Valeria Bianchi Mian

Castelli di carte

foto di Luciano Borgna°


Il castello dei destini incrociati fu pubblicato da Einaudi nel 1973. Italo Calvino corredò i due testi che compongono l’opera (Il castello dei destini incrociati e La taverna dei destini incrociati) di una Nota, nella quale racconta l’iter di ideazione e costruzione del suo lavoro. Noi qui faremo riferimento all’edizione Oscar Mondadori del 1994, testo in cui la Nota finale è posta a Prefazione.

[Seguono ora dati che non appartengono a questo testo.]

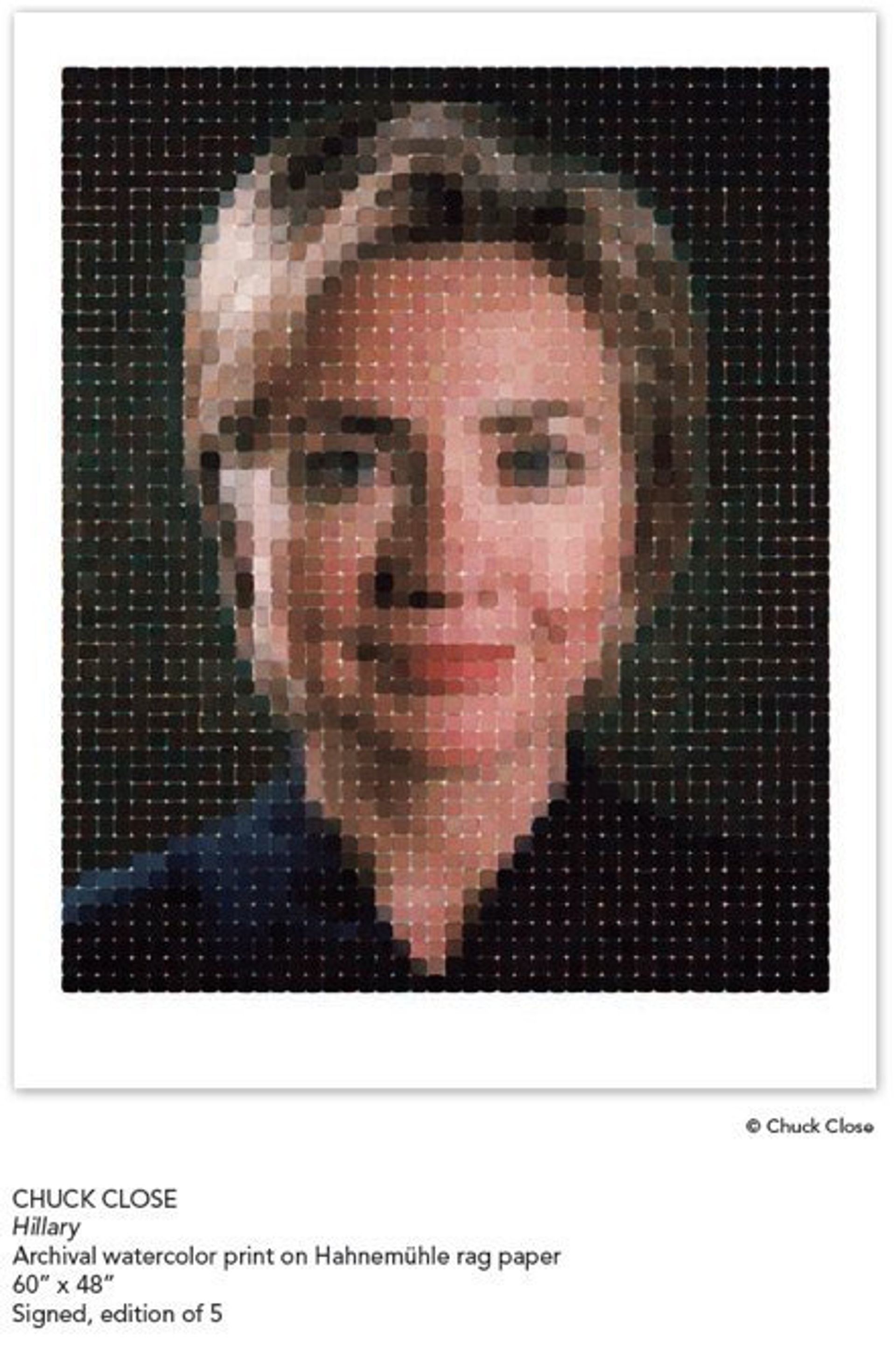 Koons was not available for comment, but recently told Monopol magazine that he had supported Clinton for 20 years. She awarded him with the Medal of Arts in 2013, when she was Secretary of State. Close, too, is a long-term supporter of the Democratic Party and the Clintons, in particular. “I have been involved in political campaigns starting with Bill Clinton and then Hillary for Senate, and I did a big thing for Barack Obama, and in between I raised a lot of money for Al Gore: every time there’s a Democratic presidential race, I’ve done art auctions or other things,” he says. In the case of Obama's re-election campaign in 2012, he produced ten tapestry portraits of the US president that were sold for $100,000 each, as well as an edition of related prints. “Artists are the last of the soft-touches; if you want contributions for a charity or anything like that, ask an artist.”

  "Ancora adesso, col libro in bozze, continuo a rimetterci le mani, a smontarlo, a riscriverlo. Solo quando il volume sarà stampato ne resterò fuori una volta per tutte, spero." (pag. XI)
  Calvino definisce il procedimento di costruzione del suo castello di carte un "labirinto" che lo catturava e "assorbiva completamente" ogni volta che egli metteva mano agli scritti, ogni volta che ricominciava, dice, "a comporre schemi, a correggerli, a complicarli: m’impelagavo di nuovo in queste sabbie mobili, mi chiudevo in un’ossessione maniaca. Certe notti mi svegliavo per correre a segnare una correzione decisiva, che poi portava con sé una catena interminabile di spostamenti. Altre notti mi coricavo col sollievo d’aver trovato la formula perfetta; e al mattino appena alzato la strappavo." (pag. X)
  Impossibile dunque mettere il punto alla serie di racconti poiché le carte attanagliavano la mente dell’autore, e, per quanto Calvino cercasse di far quadrare il disegno complessivo inserendo le immagini in uno schema narrativo che seguisse l’idea che egli aveva in testa… qualche cosa sfuggiva al suo controllo, ed ecco che le immagini lo sfidavano con nuove potenziali narrazioni.
  "Così passavo giornate a scomporre e ricomporre il mio puzzle, escogitavo nuove regole del gioco, tracciavo centinaia di schemi, a quadrato, a rombo a stella, ma sempre c'erano carte essenziali che restavano fuori e carte superflue che finivano in mezzo..."
  Chi sa quali storie sono rimaste fuori, quali favole non sono state scritte, quali avrebbero voluto venire alla luce... ci accontentiamo di leggere le meraviglie scritte da Italo Calvino, ma il dubbio resta.
 
  Immaginando storie da narrare e immagini da disegnare, immagini che nascono da altre immagini archetipiche attraverso la proiezione di contenuti inconsci, scopriamo che c’è sempre qualcosa che si potrebbe dire ancora, un altro modo per raccontare la stessa cosa, ma anche un nuovo racconto, diverso eppure possibile attraverso le stesse immagini.
   Ciò avviene perché le immagini sono rappresentative degli archetipi stessi e non si fanno chiudere negli schemi.
  Gli archetipi sono inconoscibili, ci dice Carl Gustav Jung, e sono irriducibili, non possono di certo essere costretti dentro i nostri schemi, ma le immagini archetipiche (narrabili, rappresentabili) sono innumerevoli, e attraverso le immagini, se le guardiamo con occhio esplorativo noi ci avviciniamo al centro, e lo scorgiamo, lo sfioriamo, senza tuttavia poter mai rendere fisso e stabile una volta per tutte il nostro rapporto con ciò che il centro rappresenta. Sempre in fieri è l'opera dell'alchimista. 
 
  Come ogni contenuto archetipico, le carte dei tarocchi aprono sempre nuovi piani e possibili scorci.
  Calvino si domanda: "stavo diventando matto? Era l’influsso maligno di queste figure misteriose che non si lasciavano manipolare impunemente? O era la vertigine dei grandi numeri che si sprigionava da tutte le operazioni combinatorie?" (pag. X)

  Nei laboratori di psicodramma, dramma terapia e arte terapia sulla simbologia dei tarocchi le storie sono inventate dal gruppo, narrate, drammatizzate, disegnate, e il gioco è guidato dalle immagini stesse, per poi dirigersi alla coscienza, all’elaborazione di quel che esse rappresentano in quel momento per quel gruppo.
  Ogni storia non tornerà mai più.
  Forse.
  Ogni storia si interseca in modo inconscio e sincronico ad altre storie, storie che saranno inventate, narrate, drammatizzate, disegnate da altri gruppi e in altri momenti.
  Impossibile mettere la colla per attaccare le carte di un castello di carte, libero di cadere, di rimescolarsi, di portare ancora le mani e gli occhi alla voglia di giocare.